How to make SQL Server efficient-design (itput discussion summary)

Last Update:2018-12-03 Source: Internet

Author: User

Developer on Alibaba Coud: Build your first app with APIs, SDKs, and tutorials on the Alibaba Cloud. Read more ＞

1. What factors do you consider when designing SQL Server objects to avoid performance problems?

Discussion Summary-Overall Design

L targeted design should be conducted based on the system architecture type or main operations: such as OLTP, OLAP, ETL, etc.

L clear logic, making applications easier to develop. Excellent scalability and maintainability, reducing data redundancy, etc.

L in DB management, we must start with the CPU and HDD configurations. In dB development, we must accurately design and complete the objectives of business processes, logic, functions, DB structures, and SQL commands.

L The design view should be tailored to a specific requirement, and its reusability should not be considered too much

L The trigger should also be avoided, and the functions completed by the trigger should be rewritten to the trigger statement. For tuning and performance tracking, it is more intuitive without triggers.

L first consider what kind of performance problems will occur (access performance? Insert performance ?); Next we will consider the changing characteristics of data (small tables or large tables? How often does the data change? What is the data Repeatability ?), At the same time, we also consider the business features (whether there are many accesses, many inserts, or many accesses and inserts). Then we design them based on the principles and features of sqlserver, such as whether to use indexes, is it better to use clustered indexes or non-clustered indexes? How to store table data to make full use of the features of SQL Server (such as SQL server data storage, page, and fragmentation. Do you want to use read/write splitting? Do you want to consider the whole database level ?); Finally, we need to test the objects after the design, and then find the optimal solution.

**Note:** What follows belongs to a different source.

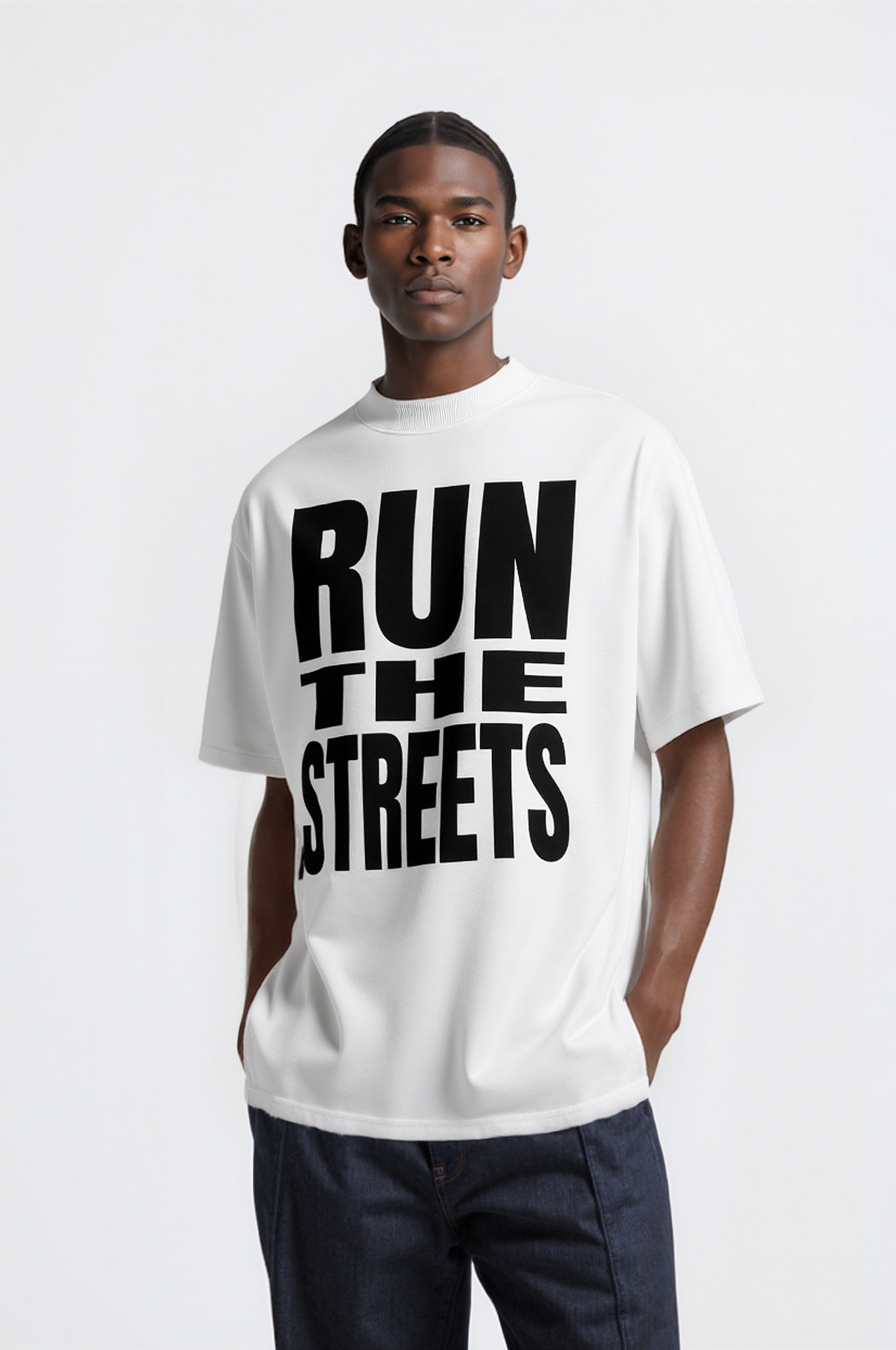 🔥 Fit Tip: Cuff the sleeves and layer over tapered joggers or a longline tee—let the “Run The Streets” motif command every scene. 🔥

L logical database and table design. The logical design of databases, including the relationship between tables, is the core of optimizing the performance of relational databases. A good logical database design can lay a good foundation for optimizing databases and applications. Standardized database logic design includes replacing long data tables with multiple and correlated narrow tables.

L read/write splitting architecture (such as report database and transaction database deployment and separation); pay attention to physical storage; file layout (data files and log files are isolated, and log files should preferably use high-speed devices)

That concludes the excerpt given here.